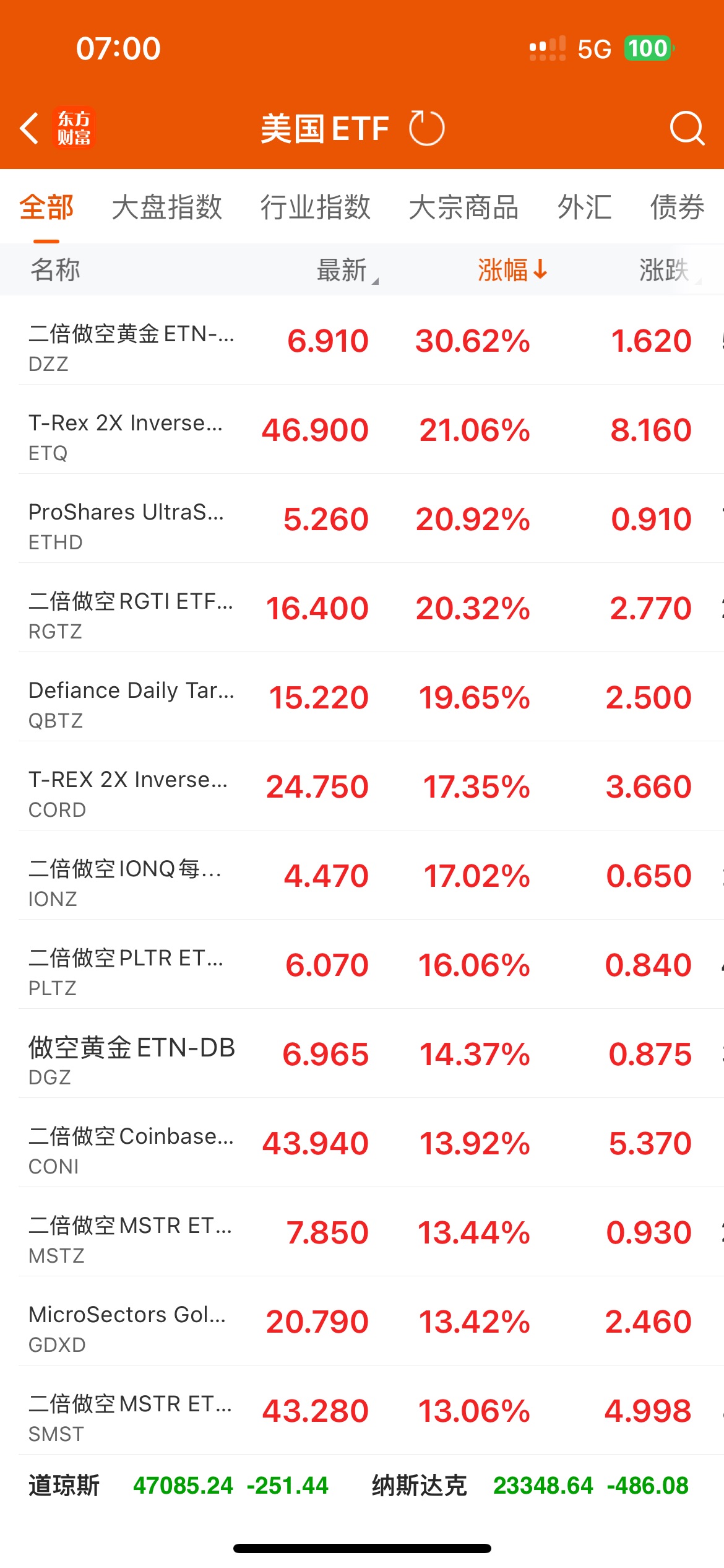 美股ETF升幅榜Top5德银黄金两倍做空ETN(DZZ.US) 升30.62%,成交额410.54万美元。
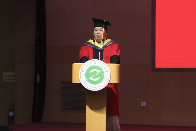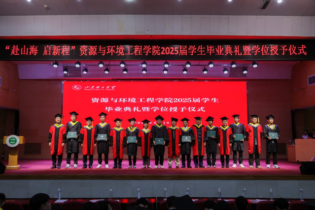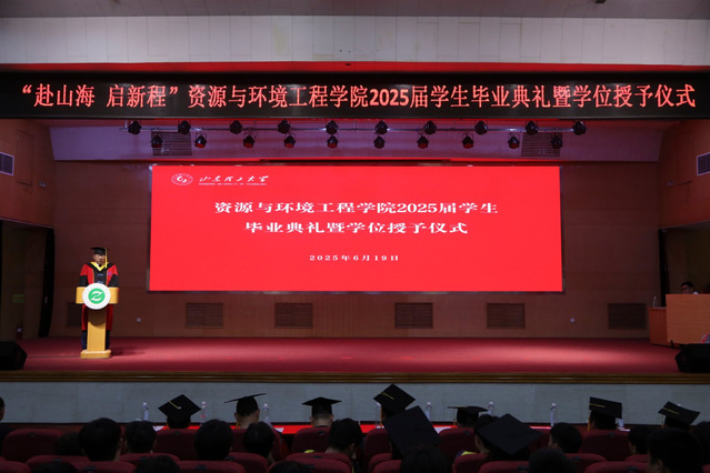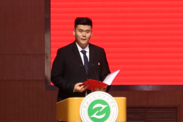 环本2103班赵鑫代表毕业生发言,他表示毕业生们将永远感恩母校,感念师恩,努力筑牢国家资源安全的基石,践行绿水青山就是金山银山理念。
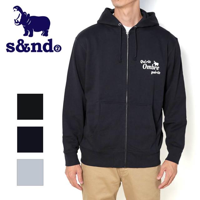 s&nd セカンド Sd-R1126 Ombreロゴジップアップパーカー ワンポイント スウェット 文字 フード フーディ カジュアル シンプル 日本製 綿100 パーカー 前開き スウェット 長袖

*THE PROBLEM*:
Print the data above exactly, minus pictures.

*RESULT OF THE TASK*:
 美股ETF升幅榜Top5德银黄金两倍做空ETN(DZZ.US) 升30.62%,成交额410.54万美元。
 环本2103班赵鑫代表毕业生发言,他表示毕业生们将永远感恩母校,感念师恩,努力筑牢国家资源安全的基石,践行绿水青山就是金山银山理念。
 s&nd セカンド Sd-R1126 Ombreロゴジップアップパーカー ワンポイント スウェット 文字 フード フーディ カジュアル シンプル 日本製 綿100 パーカー 前開き スウェット 長袖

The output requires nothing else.